If you've spent any time in uniform, you know exactly the pause I mean. The mate who didn't show up to a barbecue. The text reply that came back too quickly and a little too cheerful. The way someone laughed at the wrong moment in a story. The way they stopped laughing at all.
We are extraordinarily good at noticing tiny tells in strangers — that's the job. We are catastrophically bad at noticing them in each other.
This is a piece about how to fix that. How to spot post-traumatic stress in a mate, or in yourself, before it does the kind of damage that takes years to unwind.
I wrote about my own breakdown in the M1R Alliance founder story. The short version: I went years without recognising what was happening to me, until my body forced the issue in late 2016. I don't want anyone else to wait that long.
So here's the field guide I wish I'd had.
What PTSD actually looks like (and what it doesn't)
Most people picture PTSD as the cinematic version. A veteran ducks at the sound of a car backfiring. A firefighter wakes up screaming. A flashback hits and they're back in the moment.
Those things happen. But they are the loud, late-stage symptoms. By the time the person you care about is having a flashback, you missed a hundred quieter signs along the way.
The quieter signs are the ones that matter. They look like normal life going slightly wrong.
The clinical definition of PTSD has four buckets — intrusion (unwanted memories, dreams, replays), avoidance (staying away from anything that reminds you), negative mood and cognition (guilt, shame, detachment, loss of joy), and hyperarousal (irritability, sleep problems, hypervigilance, exaggerated startle).
Knowing those four words isn't useful unless you know what they look like in the kitchen, in the car, at the work Christmas party, in the silence after a hard shift. That's what the rest of this piece is about.
The signs in yourself
Self-detection is hard because the same trait that makes you good at your job — being able to compartmentalise, push through, function while broken — is the trait that hides PTSD from you.
Here's what to ask yourself. Not as a checklist to score.
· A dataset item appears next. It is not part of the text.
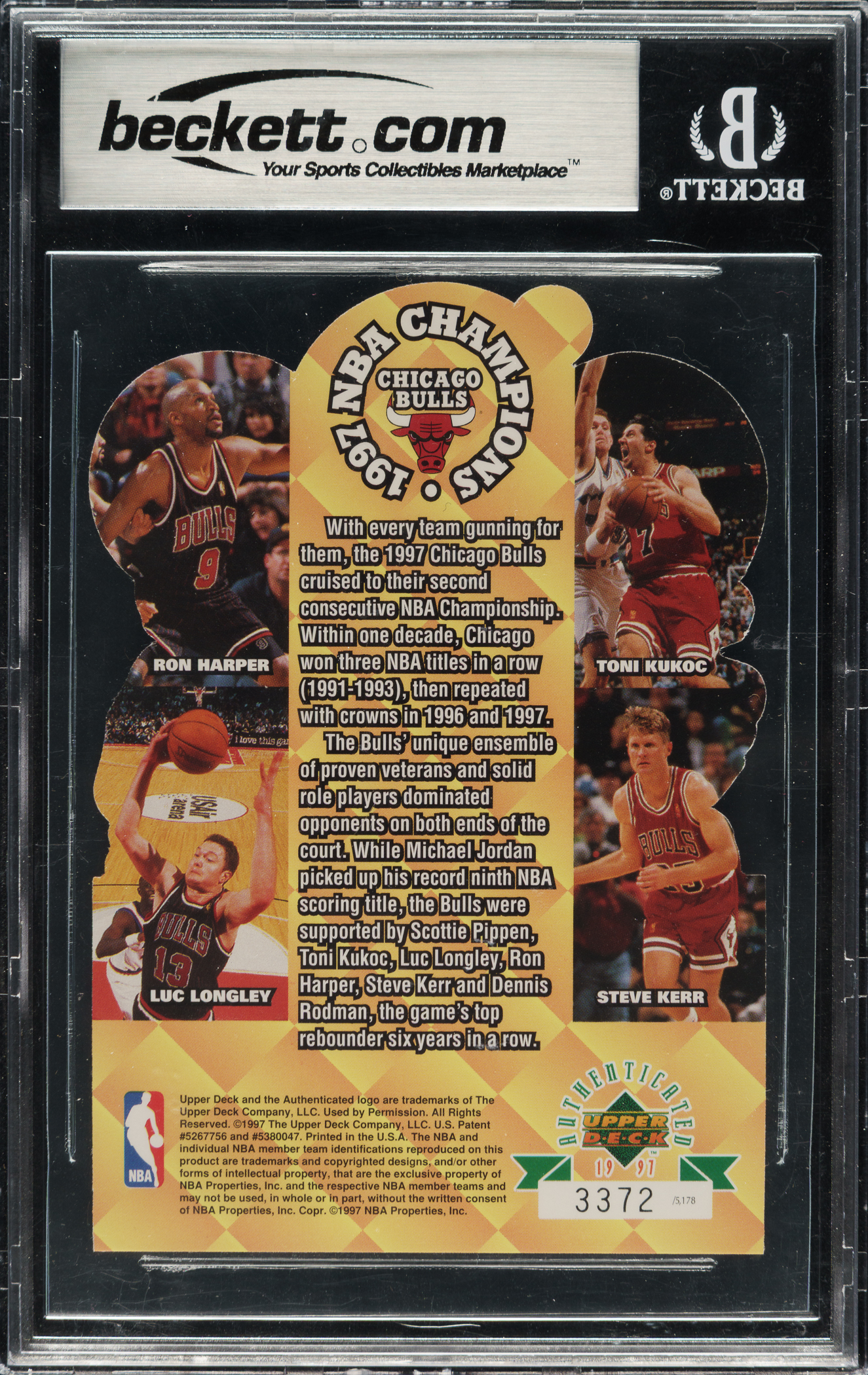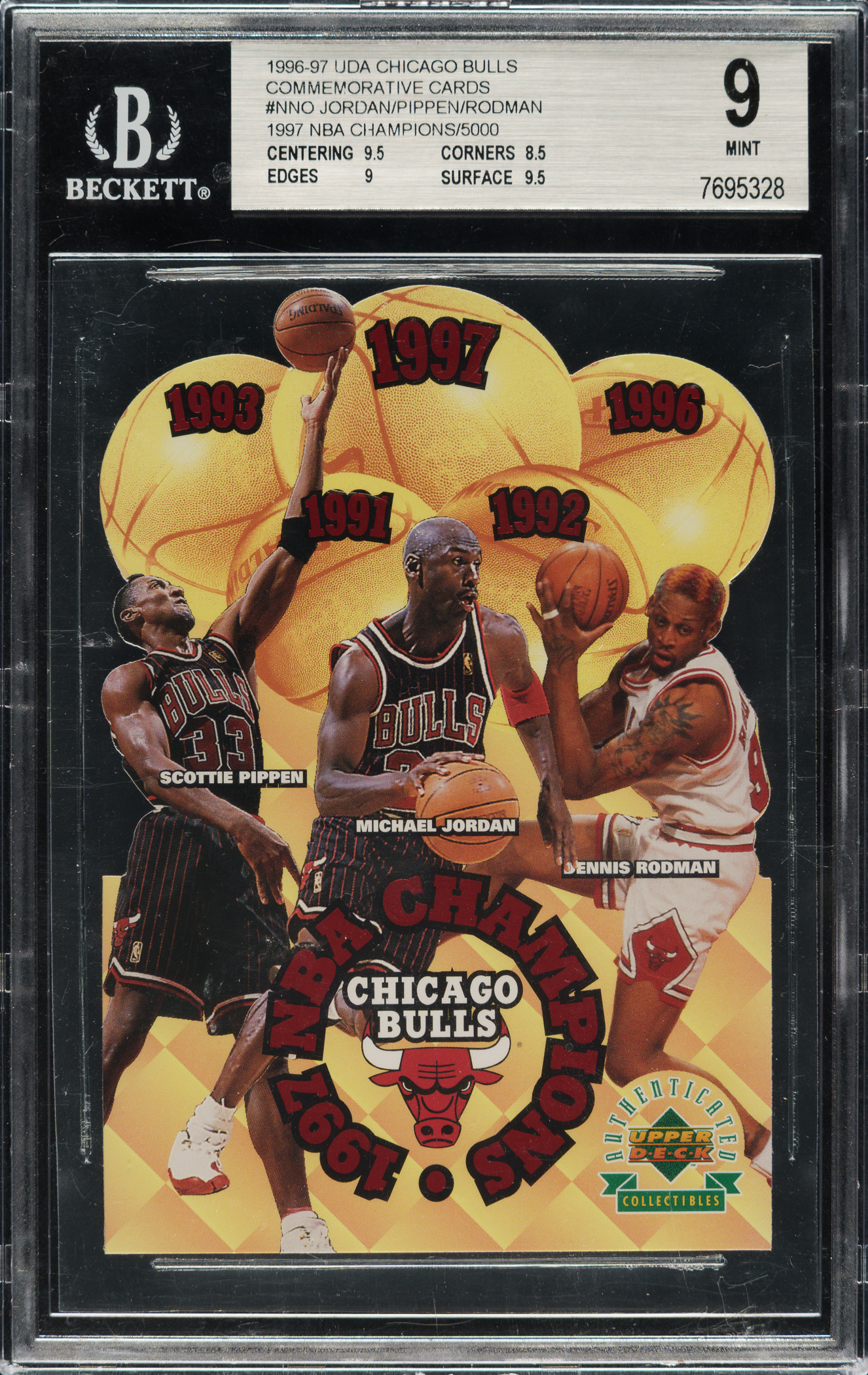 Graded MINT 9 by BGS. Chicago Bulls basketball Hall of Famers Michael Jordan, Scottie Pippen and Dennis Rodman.

As a series of honest gut-checks.
"I'm fine" has become your default
You've said it so many times you don't even hear yourself saying it anymore. The truth is somewhere closer to "I'm wrecked and I don't know how to say that without it costing me something." If "I'm fine" is on automatic, that's a sign.
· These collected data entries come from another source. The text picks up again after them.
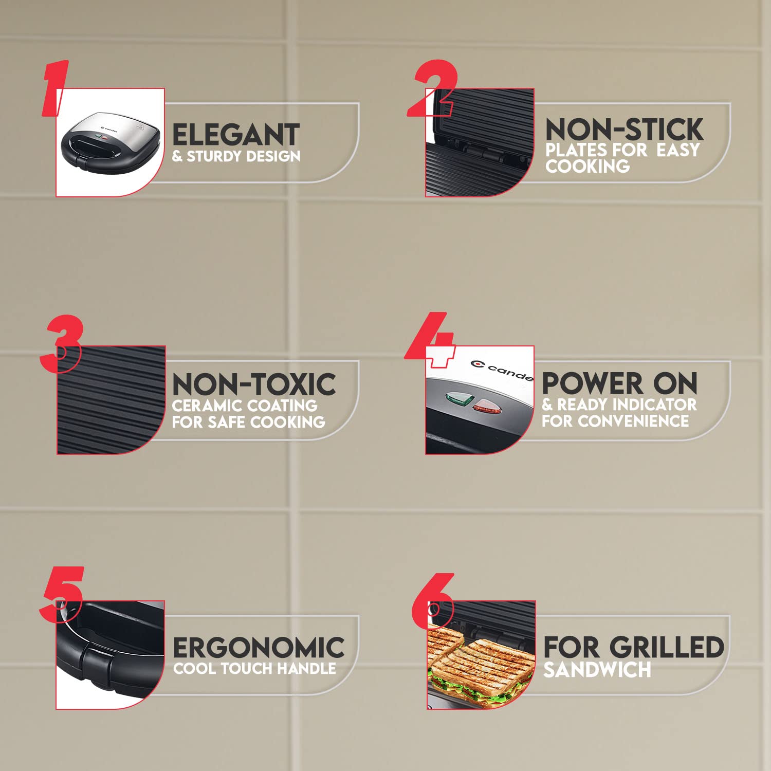 • Elegant black finish body; Non-stick plates provide a healthy low fat sandwich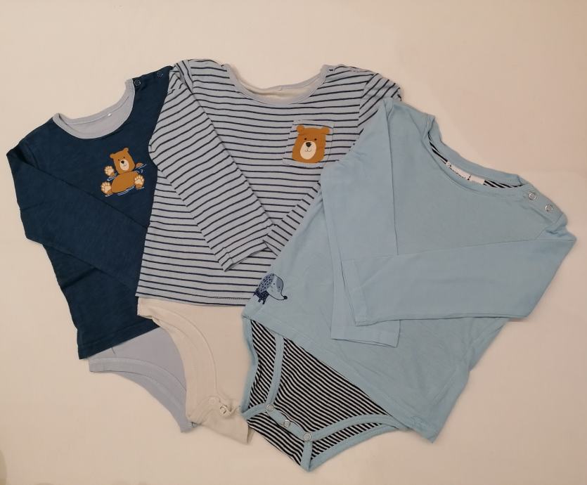 Komplet 3 bodijev z majico z dolgimi rokavi, vel. 98-104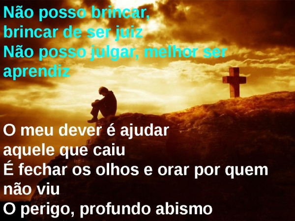 - Não posso brincar, brincar de ser juizNão posso julgar, melhor ser aprendizO meu dever é ajudar aquele que caiuÉ fechar os olhos e orar por quem não viuO perigo, profundo abismo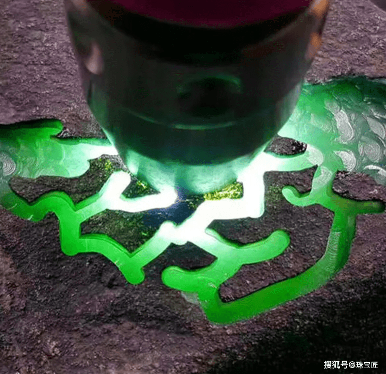而最“高级”的被“玩出花”来的翡翠原石染色,是把翡翠原石掏心涂色。

You're calibrating your day around your symptoms
You used to go to the cafe in town. Now you go to the quiet one out of the way. You used to sit anywhere. Now you only sit facing the door. You used to fly economy. Now you can't bring yourself to sit between two strangers.
Each individual adjustment is rational. Stacked together, they're a map of your hypervigilance.
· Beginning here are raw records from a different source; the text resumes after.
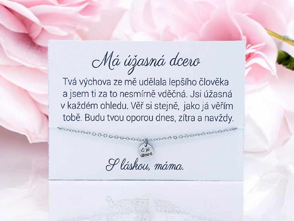 - Kartička s vřelým vzkazem: Součástí balení je kartička s textem, který vaší dceři připomene, jak moc je pro vás výjimečná a že ji vždy podpoříte.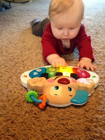 She's a big wiggly mess most of the time. She needs to stand or jump when you hold her. When she's on the ground playing she starts out upright, moves to the crawl position, flops to her belly and then rolls to every toy around. We aren't crawling yet, but I'm sure it will be soon. Then my life will be flipped upside down.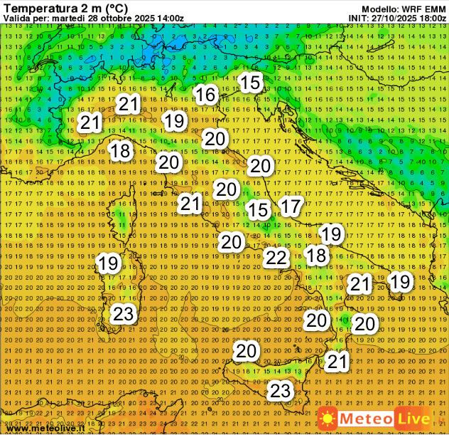Temperature in lieve aumento sull’Italia. Punte di 23° nel sud della Sardegna e sulla Sicilia. Valori localmente oltre i 20° anche su alcune aree della Valpadana e del Tirreno.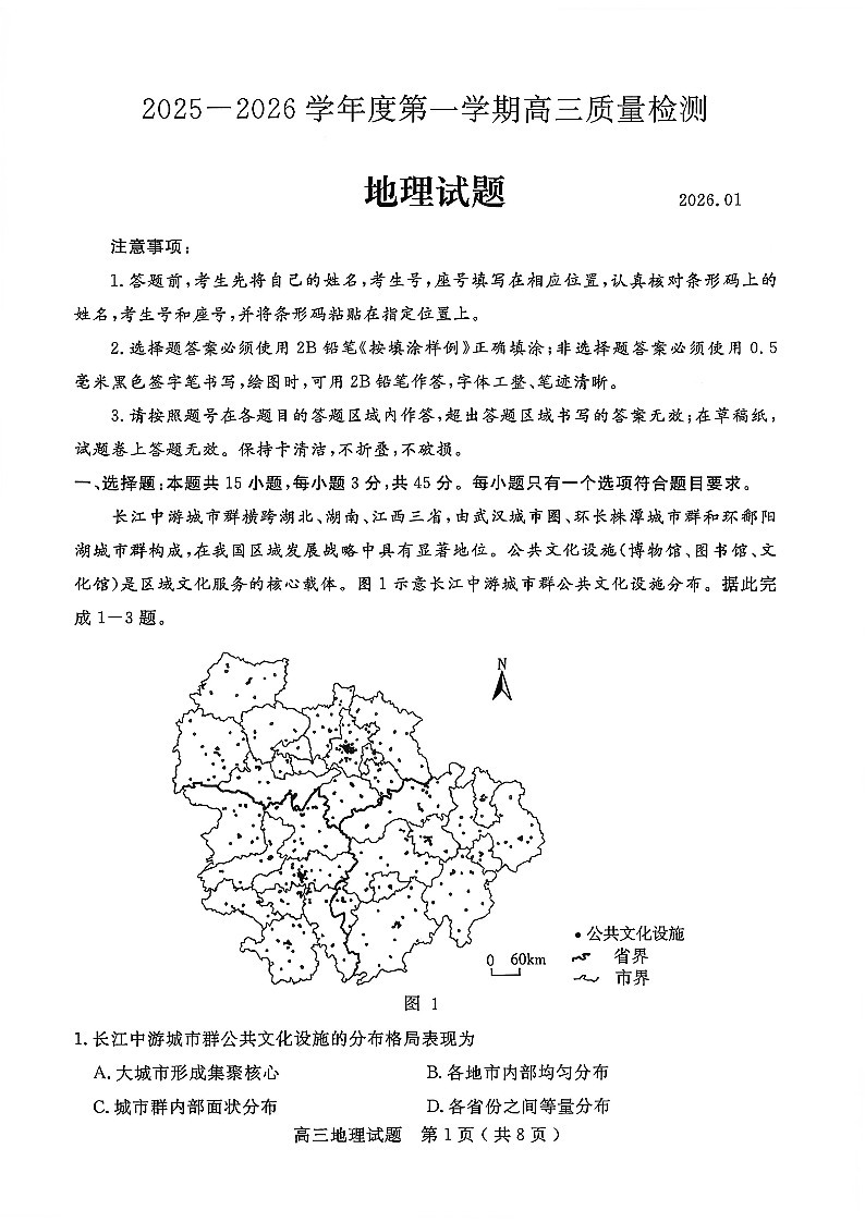 2025一2026学年度第一学期高三质量检测 地理试题(含答案).pdf

Your home life has changed and you can't quite say why
The kids' noise reads as input you can't process. Your partner is "off" — when actually you're the one who's off and they're reacting to it. You're working harder to feel okay around the people who used to make you feel okay automatically.
That's not a relationship problem yet. That's an unmanaged trauma problem that becomes a relationship problem if you leave it.
You're sleeping like someone in a war zone
Sleep is the canary. PTSD wrecks it before anything else. You're either struggling to get to sleep, waking up at 3am with your mind running, dreaming things you don't want to talk about, or all three.
If you've started telling yourself "I just don't need much sleep these days" — that's not a sleep change. That's a coping mechanism dressed up as an explanation.
You can't remember the last time something landed
You laughed. You ate. You went to a kid's birthday party. You did everything correctly. But none of it landed. You went through the motions and watched yourself going through them.
That detachment is what clinicians call dissociation. It's protective in the short term and corrosive over years.
Your coping has crept
A drink after work has become two. Two has become four. Or it's not alcohol — it's scrolling, gambling, work, running, gym, anything that drowns out the noise. The coping isn't the problem on its own. The problem is when the coping starts costing you something — sleep, money, your relationships, your time with your kids — and you keep doing it anyway.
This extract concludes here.